— TASK DATA —
::::::::::
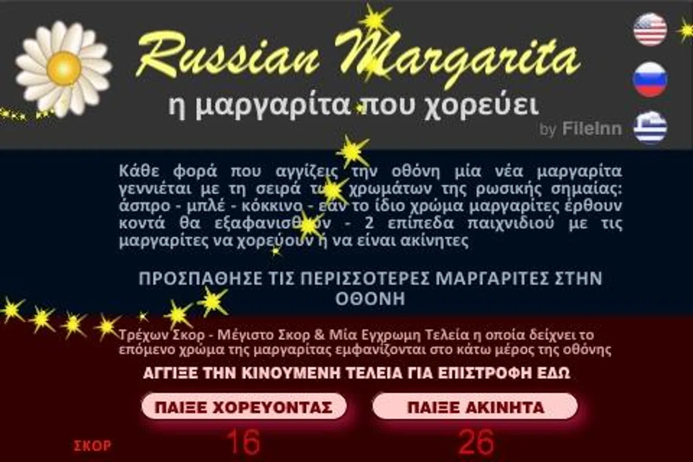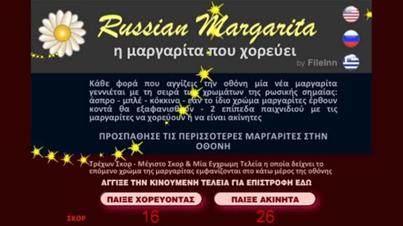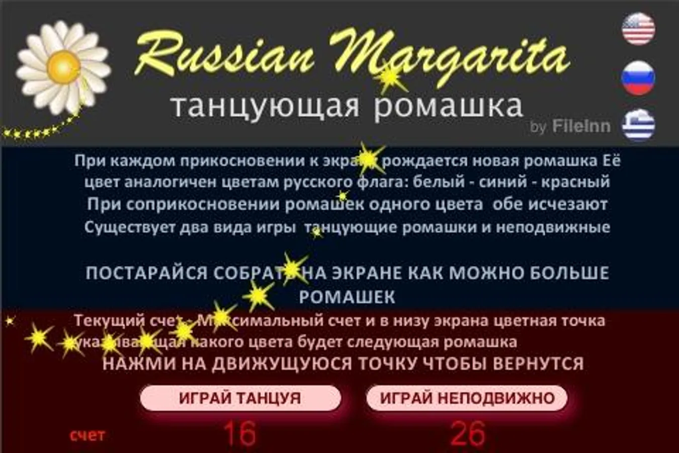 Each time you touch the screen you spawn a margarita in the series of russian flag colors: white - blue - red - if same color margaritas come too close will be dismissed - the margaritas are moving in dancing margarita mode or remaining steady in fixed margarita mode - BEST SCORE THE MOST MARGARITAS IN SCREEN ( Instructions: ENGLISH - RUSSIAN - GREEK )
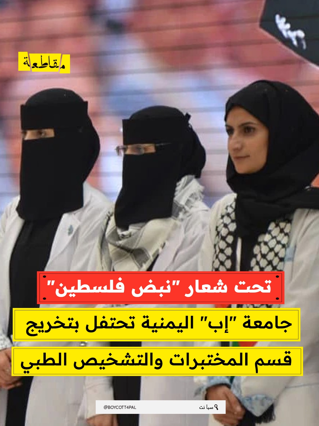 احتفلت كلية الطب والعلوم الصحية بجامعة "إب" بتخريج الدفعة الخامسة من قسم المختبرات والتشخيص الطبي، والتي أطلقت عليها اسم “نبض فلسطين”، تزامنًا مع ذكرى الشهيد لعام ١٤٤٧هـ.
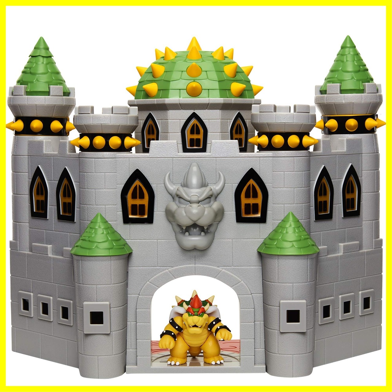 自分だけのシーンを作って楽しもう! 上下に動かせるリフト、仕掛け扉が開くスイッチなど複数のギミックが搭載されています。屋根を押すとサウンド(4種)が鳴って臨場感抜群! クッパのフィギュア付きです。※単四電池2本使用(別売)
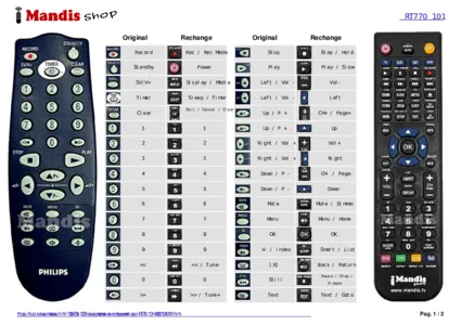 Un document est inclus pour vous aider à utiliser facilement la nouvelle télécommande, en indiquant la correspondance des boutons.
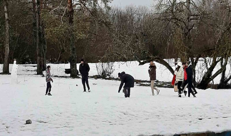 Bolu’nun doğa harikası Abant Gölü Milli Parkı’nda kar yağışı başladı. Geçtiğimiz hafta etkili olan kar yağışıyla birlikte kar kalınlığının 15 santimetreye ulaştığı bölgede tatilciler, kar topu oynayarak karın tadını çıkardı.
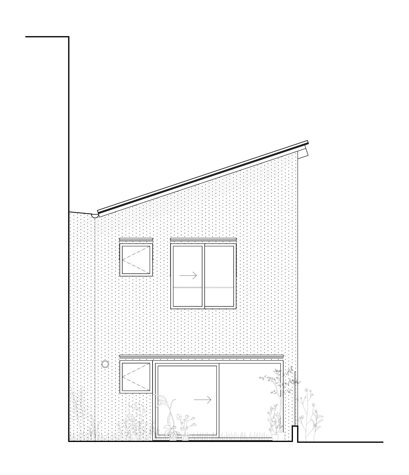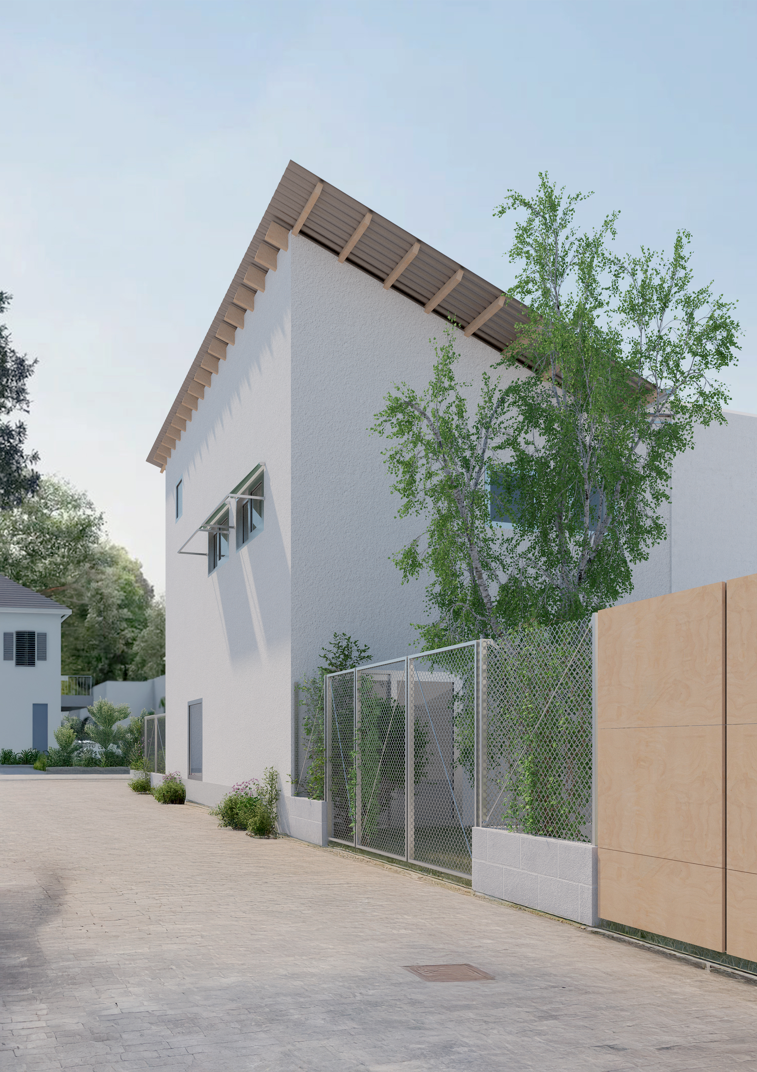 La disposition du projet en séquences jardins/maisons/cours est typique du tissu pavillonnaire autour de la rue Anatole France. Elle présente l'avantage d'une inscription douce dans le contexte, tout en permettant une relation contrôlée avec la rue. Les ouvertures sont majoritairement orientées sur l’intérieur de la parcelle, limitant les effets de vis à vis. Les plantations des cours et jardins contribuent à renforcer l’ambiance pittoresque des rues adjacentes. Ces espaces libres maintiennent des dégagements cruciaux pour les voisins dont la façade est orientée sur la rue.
::::::::::
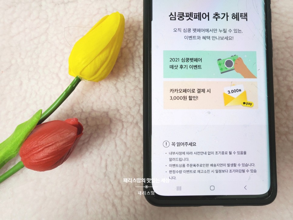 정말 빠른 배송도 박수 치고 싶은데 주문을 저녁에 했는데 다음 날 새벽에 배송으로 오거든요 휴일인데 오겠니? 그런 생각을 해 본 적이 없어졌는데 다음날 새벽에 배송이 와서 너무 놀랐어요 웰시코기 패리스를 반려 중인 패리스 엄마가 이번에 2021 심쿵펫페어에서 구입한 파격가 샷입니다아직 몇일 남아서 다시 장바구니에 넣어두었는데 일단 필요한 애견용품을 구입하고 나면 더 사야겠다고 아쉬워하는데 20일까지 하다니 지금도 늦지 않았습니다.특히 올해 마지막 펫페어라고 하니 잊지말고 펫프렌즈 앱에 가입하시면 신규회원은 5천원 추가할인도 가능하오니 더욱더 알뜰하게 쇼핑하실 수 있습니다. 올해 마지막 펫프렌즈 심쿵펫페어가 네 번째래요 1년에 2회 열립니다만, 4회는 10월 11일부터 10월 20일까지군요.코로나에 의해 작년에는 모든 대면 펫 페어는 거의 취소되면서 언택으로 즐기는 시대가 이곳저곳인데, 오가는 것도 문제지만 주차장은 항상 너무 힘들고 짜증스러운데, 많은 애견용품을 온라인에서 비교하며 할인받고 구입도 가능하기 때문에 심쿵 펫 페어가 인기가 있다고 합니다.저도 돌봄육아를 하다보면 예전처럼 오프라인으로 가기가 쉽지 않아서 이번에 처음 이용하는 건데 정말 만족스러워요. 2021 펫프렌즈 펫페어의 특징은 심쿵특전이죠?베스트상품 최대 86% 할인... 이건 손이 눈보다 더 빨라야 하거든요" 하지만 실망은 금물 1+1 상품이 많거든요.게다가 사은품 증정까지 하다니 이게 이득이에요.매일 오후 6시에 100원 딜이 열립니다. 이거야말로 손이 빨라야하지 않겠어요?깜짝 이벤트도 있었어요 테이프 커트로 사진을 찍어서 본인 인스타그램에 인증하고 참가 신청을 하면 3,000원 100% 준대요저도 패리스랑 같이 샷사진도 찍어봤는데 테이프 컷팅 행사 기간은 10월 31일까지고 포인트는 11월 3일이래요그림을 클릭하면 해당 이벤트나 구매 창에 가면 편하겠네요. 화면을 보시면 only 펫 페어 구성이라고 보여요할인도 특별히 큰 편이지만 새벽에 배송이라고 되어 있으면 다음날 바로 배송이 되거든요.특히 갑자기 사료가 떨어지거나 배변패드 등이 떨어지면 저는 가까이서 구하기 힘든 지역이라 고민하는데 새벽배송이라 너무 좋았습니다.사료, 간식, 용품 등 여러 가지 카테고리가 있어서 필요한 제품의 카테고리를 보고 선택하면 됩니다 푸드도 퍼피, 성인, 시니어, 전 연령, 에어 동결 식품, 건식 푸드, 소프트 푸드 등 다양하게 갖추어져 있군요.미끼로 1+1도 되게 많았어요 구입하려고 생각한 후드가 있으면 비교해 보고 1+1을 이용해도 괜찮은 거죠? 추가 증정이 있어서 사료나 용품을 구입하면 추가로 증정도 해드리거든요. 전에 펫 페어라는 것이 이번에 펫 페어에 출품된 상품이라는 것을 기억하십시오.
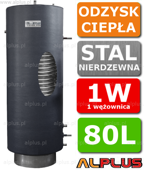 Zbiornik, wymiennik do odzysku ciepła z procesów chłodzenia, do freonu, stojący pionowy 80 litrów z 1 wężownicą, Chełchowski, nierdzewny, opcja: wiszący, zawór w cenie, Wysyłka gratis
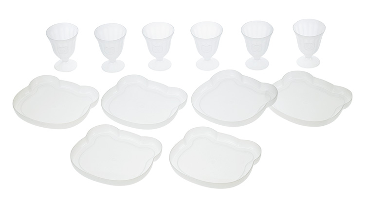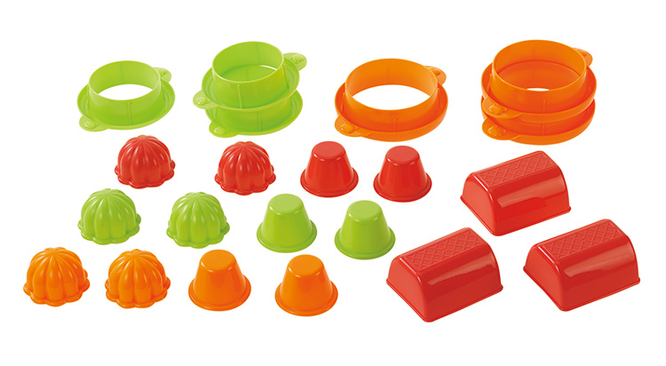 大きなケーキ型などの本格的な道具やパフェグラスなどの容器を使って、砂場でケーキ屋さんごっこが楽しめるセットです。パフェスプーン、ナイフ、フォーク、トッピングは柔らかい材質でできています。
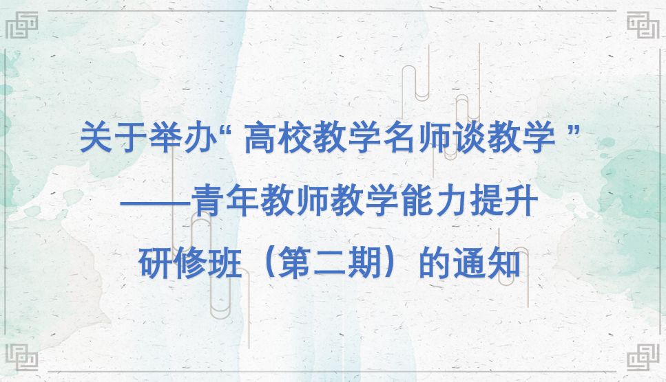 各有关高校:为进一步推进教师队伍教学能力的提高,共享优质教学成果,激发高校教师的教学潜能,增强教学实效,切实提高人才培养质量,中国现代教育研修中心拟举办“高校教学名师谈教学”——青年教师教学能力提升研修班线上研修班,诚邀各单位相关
::::::::::
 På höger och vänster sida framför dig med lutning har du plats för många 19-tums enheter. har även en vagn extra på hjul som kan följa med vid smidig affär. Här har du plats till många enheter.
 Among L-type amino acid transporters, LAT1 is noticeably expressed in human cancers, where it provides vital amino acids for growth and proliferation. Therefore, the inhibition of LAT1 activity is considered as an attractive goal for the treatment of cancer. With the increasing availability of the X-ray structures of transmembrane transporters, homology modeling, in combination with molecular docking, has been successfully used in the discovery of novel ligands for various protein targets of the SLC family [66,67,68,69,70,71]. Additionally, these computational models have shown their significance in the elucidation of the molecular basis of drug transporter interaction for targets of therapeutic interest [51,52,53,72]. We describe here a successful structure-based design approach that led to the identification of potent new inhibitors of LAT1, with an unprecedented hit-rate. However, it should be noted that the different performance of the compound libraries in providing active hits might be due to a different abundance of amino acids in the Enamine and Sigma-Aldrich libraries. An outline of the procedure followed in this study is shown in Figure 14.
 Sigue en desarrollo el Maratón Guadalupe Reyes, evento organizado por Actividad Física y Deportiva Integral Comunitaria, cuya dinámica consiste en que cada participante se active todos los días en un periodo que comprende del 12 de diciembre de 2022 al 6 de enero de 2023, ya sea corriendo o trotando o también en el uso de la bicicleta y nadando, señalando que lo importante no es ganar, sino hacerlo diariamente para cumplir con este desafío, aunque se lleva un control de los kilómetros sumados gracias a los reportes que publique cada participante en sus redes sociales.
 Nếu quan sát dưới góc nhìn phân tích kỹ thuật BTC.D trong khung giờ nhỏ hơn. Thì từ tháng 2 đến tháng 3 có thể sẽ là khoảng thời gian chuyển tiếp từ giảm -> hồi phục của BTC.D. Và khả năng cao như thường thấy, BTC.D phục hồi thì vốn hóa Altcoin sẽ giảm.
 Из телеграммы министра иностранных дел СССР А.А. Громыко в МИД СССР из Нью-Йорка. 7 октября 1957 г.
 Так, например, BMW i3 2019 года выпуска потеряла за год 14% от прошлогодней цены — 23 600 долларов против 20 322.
::::::::::
— WORK REQUEST —
"Each time you" marks the first line to copy, and "Un document est" marks the last. Repeat that stretch above exactly, with no pictures.

— SOLUTION TO THIS TASK —
 Each time you touch the screen you spawn a margarita in the series of russian flag colors: white - blue - red - if same color margaritas come too close will be dismissed - the margaritas are moving in dancing margarita mode or remaining steady in fixed margarita mode - BEST SCORE THE MOST MARGARITAS IN SCREEN ( Instructions: ENGLISH - RUSSIAN - GREEK )
 احتفلت كلية الطب والعلوم الصحية بجامعة "إب" بتخريج الدفعة الخامسة من قسم المختبرات والتشخيص الطبي، والتي أطلقت عليها اسم “نبض فلسطين”، تزامنًا مع ذكرى الشهيد لعام ١٤٤٧هـ.
 自分だけのシーンを作って楽しもう! 上下に動かせるリフト、仕掛け扉が開くスイッチなど複数のギミックが搭載されています。屋根を押すとサウンド(4種)が鳴って臨場感抜群! クッパのフィギュア付きです。※単四電池2本使用(別売)
 Un document est inclus pour vous aider à utiliser facilement la nouvelle télécommande, en indiquant la correspondance des boutons.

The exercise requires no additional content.